Perhaps one day Mars would have great restaurants. Dinner, in this context consisted of seats on opposite sides of a long table in a diner.

“You’re not just here as a tourist,” Shae said between mouthfuls of something spicy and vegetarian.
“Perceptive of you,” he said. “Mars is growing…”.
“Not on this diet,” she interjected.
“Tsk. Think of the gravity of the situation.”
“Sorry, you started. Anyhow where was I? Yeah, the population is growing like crazy, and the infrastructure was designed without thinking a few steps ahead.”
“And you think you can help.”
“At yer service, ma’am,” he bowed slightly from his seat. “Seriously though, I’ve been pitching the mayor on a detailed long term plan.”
“You understand that she doesn’t have real budgetary power?” she asked.
“Yes. The folks back on Earth listen to her though. I’m hoping to get through to them from this end.”
“Costly, mostly. Worth the outlay if it works though.”
“Nice. I’d love to see what you have in mind.”
“Doing a small demo tomorrow. Why don’t you come take a look?”
“I shall indeed.”


“A live band. How romantic.”
“You want sophisticated, I suggest New York City,” Eric said.
“I just hope there isn’t a brawl,” Vicky said, looking around.
“Yeah. I’m not supposed to be on duty tonight.”
“I forgot about that somehow.”
“What, I don’t look like a cop?”
“I’ve met all kinds of police. Hmm. Not exactly what I meant. You do the authority figure thing, but you don’t talk like a cop.”
“No insouciant cop speak?” Eric asked. “I cribbed that phrase from a novel, by the way.”
“Something like that. Are they going to play, or what?”

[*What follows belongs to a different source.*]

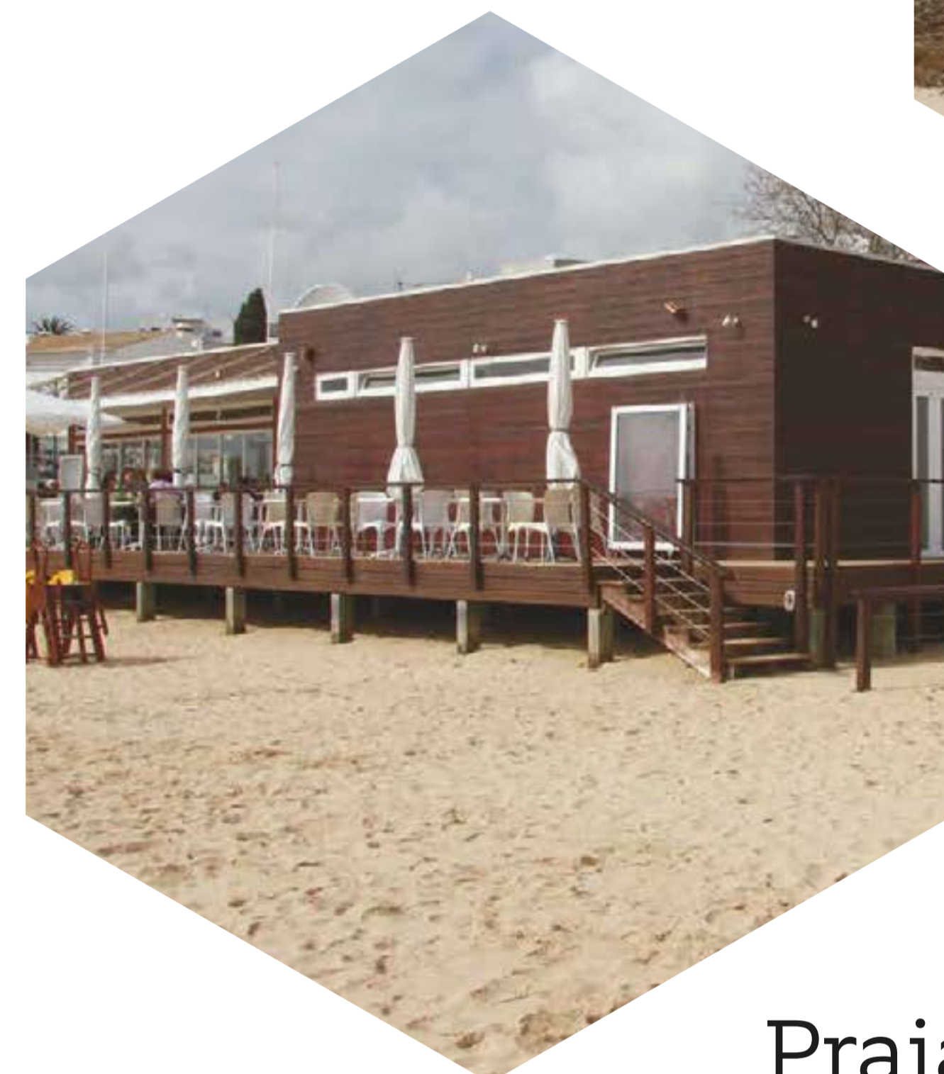
Praia da Luz

Noah certainly knew how to put on a show.

He had wrangled a conference room from the hotel somehow – the conference rooms being few in number, and frequently used – and obtained hors d’oeuvres that actually looked quite palatable, even by Mars standards. A table with a cloth hiding some sort of structure stood at one end of the room.

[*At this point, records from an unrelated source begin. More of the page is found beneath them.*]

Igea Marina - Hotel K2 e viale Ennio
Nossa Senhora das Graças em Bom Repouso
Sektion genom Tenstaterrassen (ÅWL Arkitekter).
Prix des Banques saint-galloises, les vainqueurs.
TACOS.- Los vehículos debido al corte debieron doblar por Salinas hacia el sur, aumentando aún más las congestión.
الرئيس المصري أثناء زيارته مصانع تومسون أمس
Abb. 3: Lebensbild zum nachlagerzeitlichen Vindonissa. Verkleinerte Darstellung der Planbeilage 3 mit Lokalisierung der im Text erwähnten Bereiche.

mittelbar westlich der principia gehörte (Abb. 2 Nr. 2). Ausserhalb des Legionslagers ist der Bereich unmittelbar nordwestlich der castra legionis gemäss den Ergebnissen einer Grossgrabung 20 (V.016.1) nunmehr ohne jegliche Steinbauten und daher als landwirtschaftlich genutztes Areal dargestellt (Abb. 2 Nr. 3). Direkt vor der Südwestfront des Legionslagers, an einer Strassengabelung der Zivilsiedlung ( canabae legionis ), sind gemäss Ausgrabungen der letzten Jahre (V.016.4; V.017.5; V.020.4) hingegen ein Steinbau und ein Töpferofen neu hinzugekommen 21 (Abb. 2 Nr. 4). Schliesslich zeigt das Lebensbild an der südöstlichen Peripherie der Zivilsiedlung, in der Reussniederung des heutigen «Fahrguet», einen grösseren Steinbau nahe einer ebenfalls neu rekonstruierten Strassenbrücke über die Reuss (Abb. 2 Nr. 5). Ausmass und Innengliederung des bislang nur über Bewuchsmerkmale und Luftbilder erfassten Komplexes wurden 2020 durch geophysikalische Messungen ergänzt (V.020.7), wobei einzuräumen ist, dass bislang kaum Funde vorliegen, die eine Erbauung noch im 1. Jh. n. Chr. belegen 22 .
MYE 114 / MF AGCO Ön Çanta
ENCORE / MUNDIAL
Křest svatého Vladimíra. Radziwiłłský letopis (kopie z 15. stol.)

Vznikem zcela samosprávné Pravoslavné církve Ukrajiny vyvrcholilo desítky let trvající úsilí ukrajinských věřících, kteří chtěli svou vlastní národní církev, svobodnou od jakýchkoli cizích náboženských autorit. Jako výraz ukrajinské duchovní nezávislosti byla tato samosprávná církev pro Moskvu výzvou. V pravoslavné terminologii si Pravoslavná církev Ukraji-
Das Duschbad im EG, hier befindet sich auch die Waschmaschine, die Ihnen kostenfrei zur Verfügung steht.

Pulling away the cloth, he revealed a hologram. The cloth was made from smart fabric, and had been holding itself up without any supports. There was a smattering of applause, and people crowded forwards to see what he had made.

“I think everyone here has a feel for how the growth of the colony has been straining infrastructure in a number of different ways,” he said. “You can see here a three dimensional map of the current colony, and as I adjust the population upwards, you can see these parts turn red. You’re going to need a systemic plan to cope with that. It isn’t just a matter of building another of everything.”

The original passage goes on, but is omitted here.